What to work on:
In this exercise, return only the lines that run from the line with "النساء - بلوفر" to the end of the entries below, both included. Pictures are not copied.

BEGIN Records

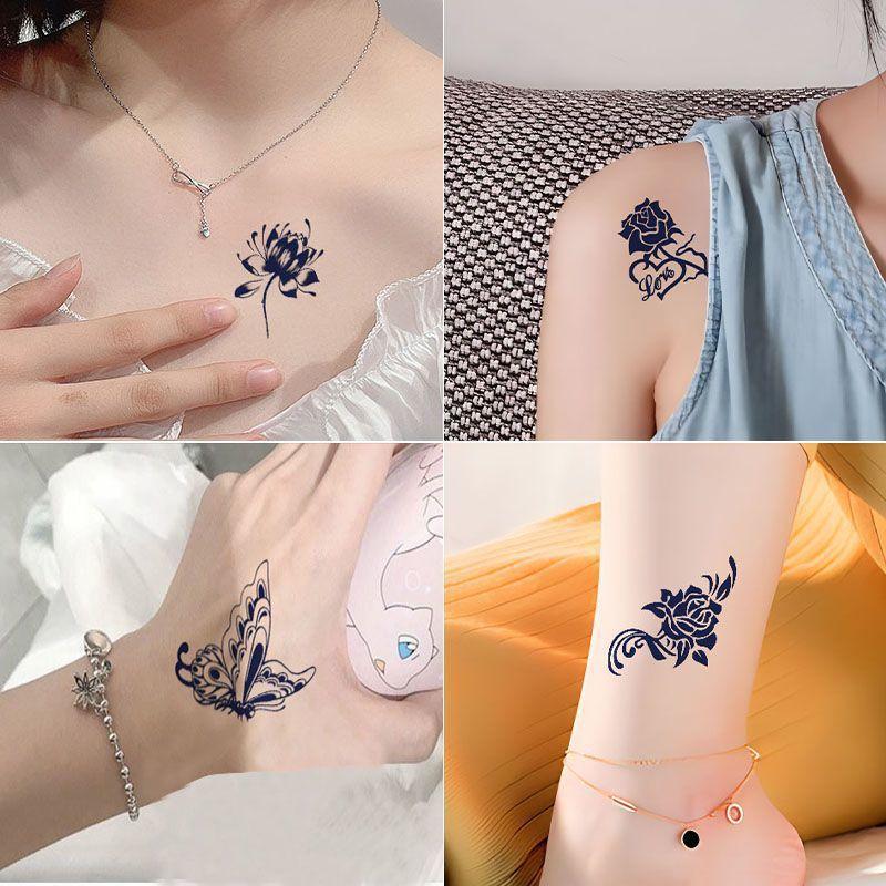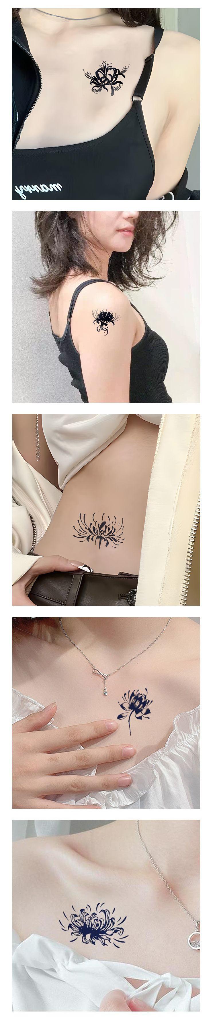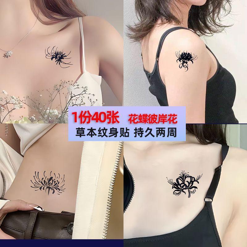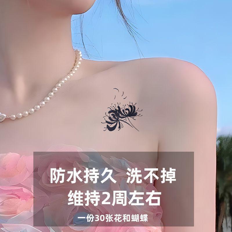 Adesivos de Tatuagem para Mulheres, Lírio Aranha, Borboleta, Flor, À Prova D'Água, Resistente a Fricção, Clavícula, Longa Duração, Lavável, Adesivos de Tatuagem Não Permanentes
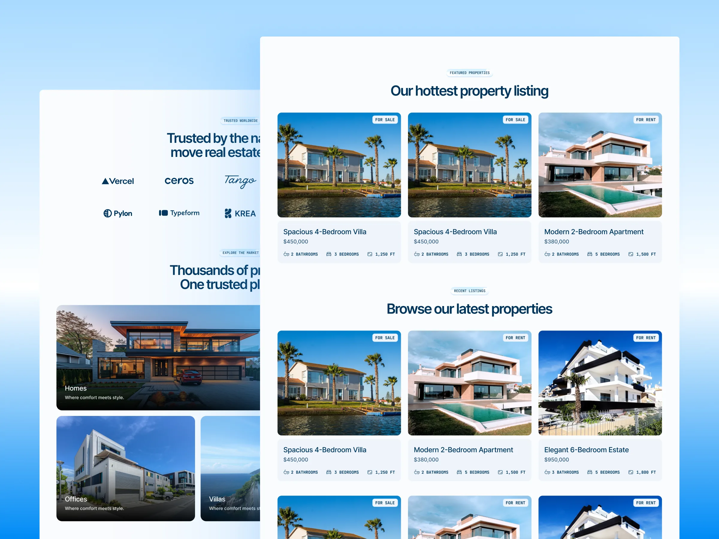 - Home – Hero, featured listings, stats, and strong calls-to-action
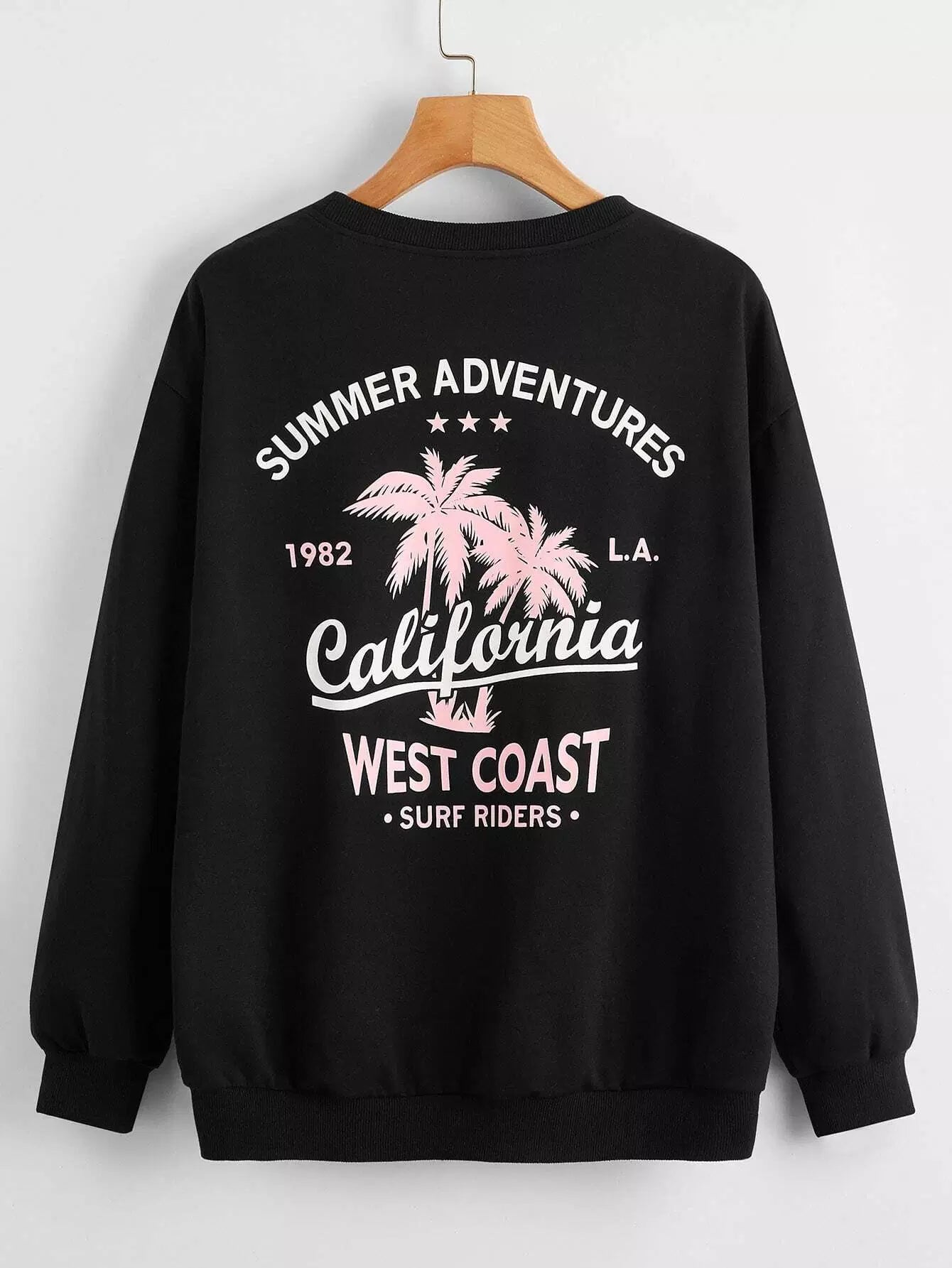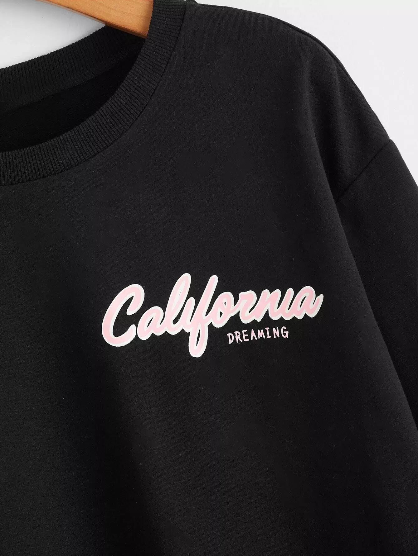 النساء - بلوفر بكتف منسدل مطبوع عليه حروف واستوائية
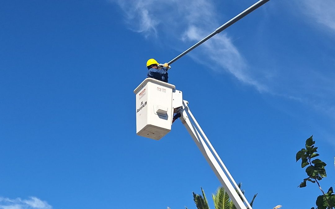 “Tras trabajar en zonas como las avenidas Cardonato y Sueta y en el distrito de El Sosneado, ahora ingresamos a trabajar en el recambio de luminarias desde la Rotonda de la Copa al Oeste”, explicó el director de Electrotecnia Pablo Yagüe.
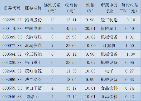 表:連續(xù)上漲4日且今日收盤漲停股一覽
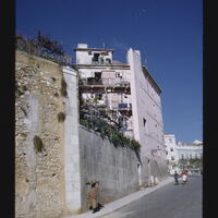 - ES edificios, componentes de ventana, balcones, personas anónimas, teja, calles

END Records

Your solution:
 النساء - بلوفر بكتف منسدل مطبوع عليه حروف واستوائية
 “Tras trabajar en zonas como las avenidas Cardonato y Sueta y en el distrito de El Sosneado, ahora ingresamos a trabajar en el recambio de luminarias desde la Rotonda de la Copa al Oeste”, explicó el director de Electrotecnia Pablo Yagüe.
 表:連續(xù)上漲4日且今日收盤漲停股一覽
 - ES edificios, componentes de ventana, balcones, personas anónimas, teja, calles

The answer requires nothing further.